PROMPT →
Include in the output exactly the lines from the opening of the data through the line containing "Цепочка с подвеской", and nothing more.
Start of PROVIDED ENTRIES
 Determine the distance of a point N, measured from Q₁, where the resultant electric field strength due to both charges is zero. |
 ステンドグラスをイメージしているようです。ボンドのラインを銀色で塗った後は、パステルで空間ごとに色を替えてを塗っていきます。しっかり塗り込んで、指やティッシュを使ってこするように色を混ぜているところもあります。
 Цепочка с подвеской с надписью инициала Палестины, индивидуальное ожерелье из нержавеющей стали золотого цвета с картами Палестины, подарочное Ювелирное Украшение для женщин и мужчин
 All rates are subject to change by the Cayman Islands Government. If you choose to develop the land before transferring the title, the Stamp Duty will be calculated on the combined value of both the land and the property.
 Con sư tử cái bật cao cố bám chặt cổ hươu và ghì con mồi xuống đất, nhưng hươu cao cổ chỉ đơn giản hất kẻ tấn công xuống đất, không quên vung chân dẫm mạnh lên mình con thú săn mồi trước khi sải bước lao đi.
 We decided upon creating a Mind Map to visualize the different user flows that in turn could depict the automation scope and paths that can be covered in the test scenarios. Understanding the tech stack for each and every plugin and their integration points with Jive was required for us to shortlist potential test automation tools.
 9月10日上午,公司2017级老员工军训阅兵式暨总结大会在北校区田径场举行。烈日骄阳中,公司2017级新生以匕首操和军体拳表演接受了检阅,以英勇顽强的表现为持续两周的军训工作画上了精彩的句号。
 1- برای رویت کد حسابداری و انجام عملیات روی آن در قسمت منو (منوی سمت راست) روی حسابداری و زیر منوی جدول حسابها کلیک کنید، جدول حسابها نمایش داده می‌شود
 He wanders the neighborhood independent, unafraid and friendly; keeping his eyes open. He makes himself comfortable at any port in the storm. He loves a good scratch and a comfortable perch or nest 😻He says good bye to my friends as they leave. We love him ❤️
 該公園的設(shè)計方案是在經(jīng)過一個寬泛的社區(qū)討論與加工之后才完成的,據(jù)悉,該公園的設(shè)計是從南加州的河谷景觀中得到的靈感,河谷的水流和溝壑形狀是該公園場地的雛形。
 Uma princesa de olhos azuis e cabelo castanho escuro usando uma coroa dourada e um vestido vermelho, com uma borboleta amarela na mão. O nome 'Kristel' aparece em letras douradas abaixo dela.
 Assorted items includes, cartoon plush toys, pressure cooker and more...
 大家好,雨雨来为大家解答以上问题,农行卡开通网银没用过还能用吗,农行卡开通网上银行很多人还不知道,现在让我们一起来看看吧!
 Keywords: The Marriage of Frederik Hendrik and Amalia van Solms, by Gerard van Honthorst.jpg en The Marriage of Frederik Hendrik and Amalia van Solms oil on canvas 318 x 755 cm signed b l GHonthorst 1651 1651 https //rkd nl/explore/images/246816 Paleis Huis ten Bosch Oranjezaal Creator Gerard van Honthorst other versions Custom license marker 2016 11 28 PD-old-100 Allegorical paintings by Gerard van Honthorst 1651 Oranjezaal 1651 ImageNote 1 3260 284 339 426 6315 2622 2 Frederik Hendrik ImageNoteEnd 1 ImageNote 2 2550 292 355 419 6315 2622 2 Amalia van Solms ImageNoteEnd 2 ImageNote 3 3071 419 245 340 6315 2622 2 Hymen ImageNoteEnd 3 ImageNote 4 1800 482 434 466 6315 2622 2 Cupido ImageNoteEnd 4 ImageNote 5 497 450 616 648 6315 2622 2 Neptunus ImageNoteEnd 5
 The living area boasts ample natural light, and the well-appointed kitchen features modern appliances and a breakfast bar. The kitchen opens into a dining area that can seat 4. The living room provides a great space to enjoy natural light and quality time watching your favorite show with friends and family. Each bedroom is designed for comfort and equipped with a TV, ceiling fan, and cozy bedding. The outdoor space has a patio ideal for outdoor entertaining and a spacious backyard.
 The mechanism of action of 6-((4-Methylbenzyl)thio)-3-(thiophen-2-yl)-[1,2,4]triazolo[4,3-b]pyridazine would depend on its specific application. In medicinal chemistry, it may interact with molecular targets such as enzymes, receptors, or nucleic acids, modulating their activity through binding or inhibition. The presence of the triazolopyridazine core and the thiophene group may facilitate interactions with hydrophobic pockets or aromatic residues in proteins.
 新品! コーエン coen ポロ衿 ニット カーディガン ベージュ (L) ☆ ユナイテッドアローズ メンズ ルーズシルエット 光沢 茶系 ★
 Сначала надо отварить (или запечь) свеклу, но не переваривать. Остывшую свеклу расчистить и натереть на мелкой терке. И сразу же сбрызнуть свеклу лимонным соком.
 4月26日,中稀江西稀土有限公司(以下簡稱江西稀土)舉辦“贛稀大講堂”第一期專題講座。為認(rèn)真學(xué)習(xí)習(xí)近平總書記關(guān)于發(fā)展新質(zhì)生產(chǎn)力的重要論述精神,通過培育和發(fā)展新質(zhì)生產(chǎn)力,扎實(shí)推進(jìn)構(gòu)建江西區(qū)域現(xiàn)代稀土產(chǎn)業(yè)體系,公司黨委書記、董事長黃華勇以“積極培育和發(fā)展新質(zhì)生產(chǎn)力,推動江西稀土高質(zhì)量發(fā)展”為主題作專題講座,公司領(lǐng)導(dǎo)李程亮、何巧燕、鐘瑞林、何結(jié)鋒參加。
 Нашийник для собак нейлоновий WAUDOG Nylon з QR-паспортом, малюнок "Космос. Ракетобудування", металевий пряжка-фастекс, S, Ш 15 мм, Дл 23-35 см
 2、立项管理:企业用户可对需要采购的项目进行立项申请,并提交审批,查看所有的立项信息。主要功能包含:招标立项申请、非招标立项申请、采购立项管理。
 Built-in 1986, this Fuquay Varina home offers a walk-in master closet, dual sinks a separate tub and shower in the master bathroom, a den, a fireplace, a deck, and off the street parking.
End of PROVIDED ENTRIES
PROBLEM SOLUTION →
 Determine the distance of a point N, measured from Q₁, where the resultant electric field strength due to both charges is zero. |
 ステンドグラスをイメージしているようです。ボンドのラインを銀色で塗った後は、パステルで空間ごとに色を替えてを塗っていきます。しっかり塗り込んで、指やティッシュを使ってこするように色を混ぜているところもあります。
 Цепочка с подвеской с надписью инициала Палестины, индивидуальное ожерелье из нержавеющей стали золотого цвета с картами Палестины, подарочное Ювелирное Украшение для женщин и мужчин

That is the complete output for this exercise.